▶ **Given data**:

++++++++++++++++++++

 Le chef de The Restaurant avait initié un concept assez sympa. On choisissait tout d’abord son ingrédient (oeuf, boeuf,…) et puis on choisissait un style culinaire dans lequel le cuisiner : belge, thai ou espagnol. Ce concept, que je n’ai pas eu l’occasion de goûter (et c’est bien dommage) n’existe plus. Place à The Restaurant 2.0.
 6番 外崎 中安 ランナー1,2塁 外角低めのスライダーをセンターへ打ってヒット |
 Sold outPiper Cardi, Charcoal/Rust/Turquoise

++++++++++++++++++++

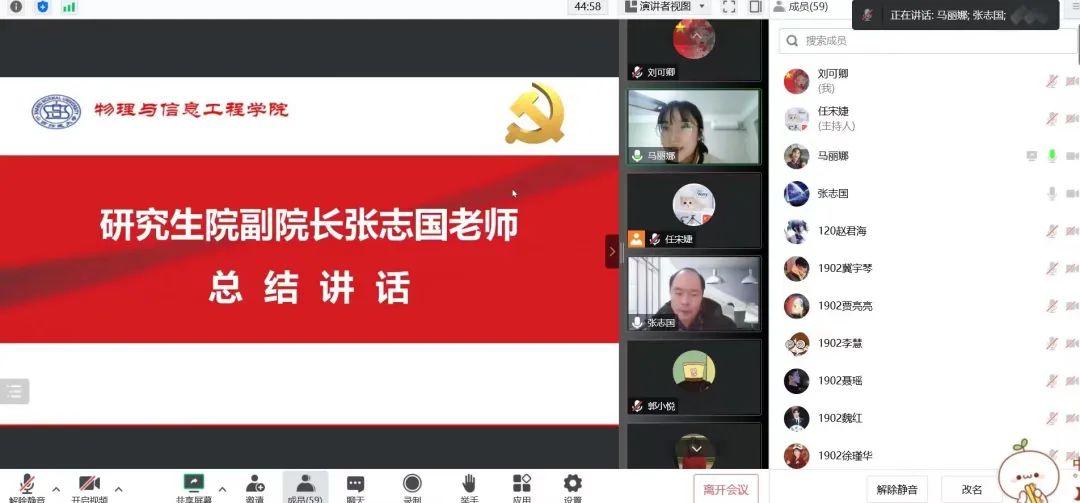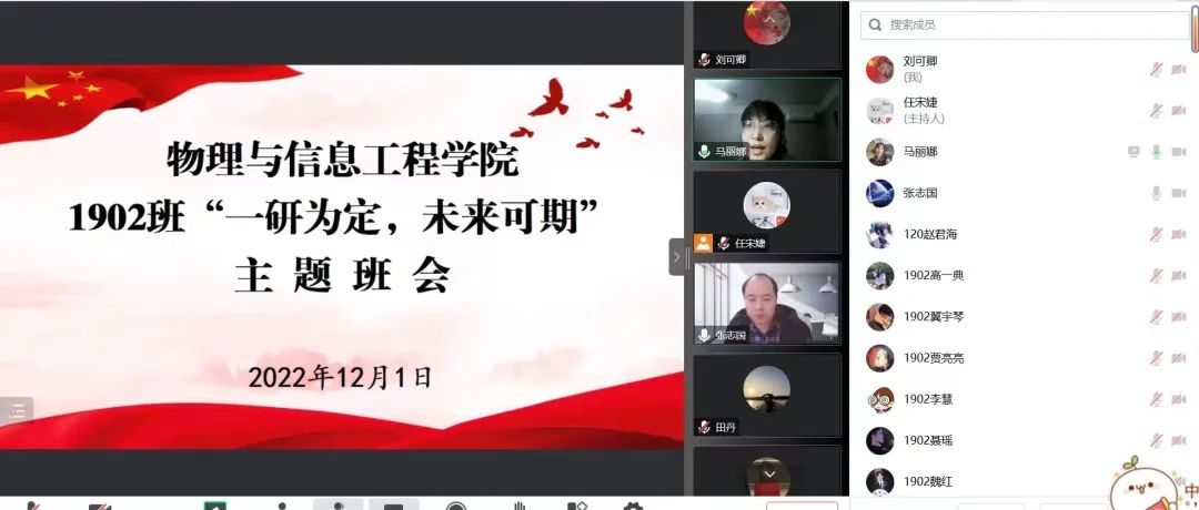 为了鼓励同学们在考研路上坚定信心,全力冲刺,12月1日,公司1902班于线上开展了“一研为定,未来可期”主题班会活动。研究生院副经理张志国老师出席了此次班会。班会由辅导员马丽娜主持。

++++++++++++++++++++

▶ **Exercise aim**: Taking the listing above as the source, transcribe only the lines starting at the line with "6番 外崎 中安 ランナー1,2塁 外角低めのスライダーをセンターへ打ってヒット |" and going through the line with "Sold outPiper Cardi, Charcoal/Rust/Turquoise", unaltered and with both ends included.

▶ **Answer to the exercise**:
 6番 外崎 中安 ランナー1,2塁 外角低めのスライダーをセンターへ打ってヒット |
 Sold outPiper Cardi, Charcoal/Rust/Turquoise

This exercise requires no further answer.